HSE head may apply for post - Reilly

Fri, Mar 9, 2012, 00:00

IT WILL be open to the current head of the Health Service Executive to apply for a position within the reformed health service “if he so desires”, the Minister for Health said yesterday.

Speaking at a conference on health reform in Dublin, Dr James Reilly said HSE chief executive Cathal Magee could apply for a position when the new health directorate posts are advertised.

Mr Magee, who was appointed to his post in September 2010, still has 3½ years to run on his contract.

The restructuring of the health service was announced last year as part of an eventual move to universal health insurance.

Under the changes, seven directorates of hospital care, primary care, mental health, children and family services, social care, public health and corporate/shared services would be introduced.
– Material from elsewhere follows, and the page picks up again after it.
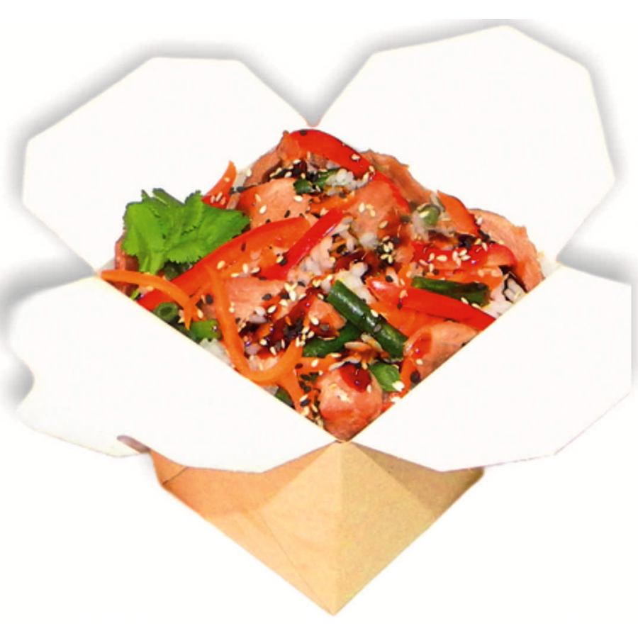 Рис, вырезка свиная, болгарский перец, фасоль стручковая, морковь, красный репчатый лук, соус терияки, кунжут, кинза.
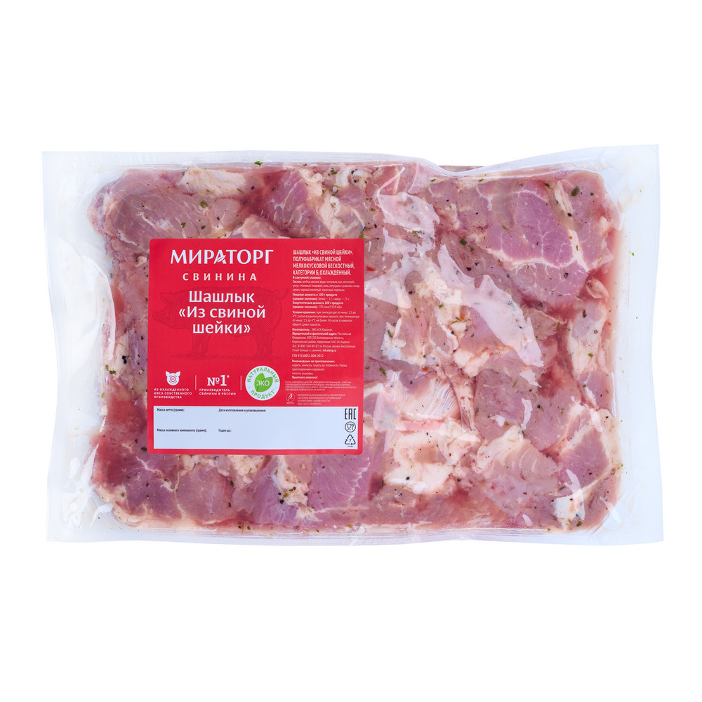 Шашлык "Из свиной шейки" от Мираторг — это нежная свиная шейка с натуральными специями. Мясо порезали аппетитными кубиками и сдобрили особенным маринадом — то, что нужно для вкусного шашлыка. Продукт готов к приготовлению на огне.

Seven directors will be appointed to run the directorates, one of whom will be appointed as the director general of the organisation.

The HSE board and chief executive position would eventually be scrapped.

The Minister said yesterday heads of a Bill for the legislation to set up the structures was due to come before Cabinet by the end of the month. It would determine the precise roles that each directorate would have. He said the positions would be advertised.

Asked if Mr Magee would have to reapply for his own job, Dr Reilly said no one had to apply for their own job, but “if he wants to be a director of one of the directorates, yes”.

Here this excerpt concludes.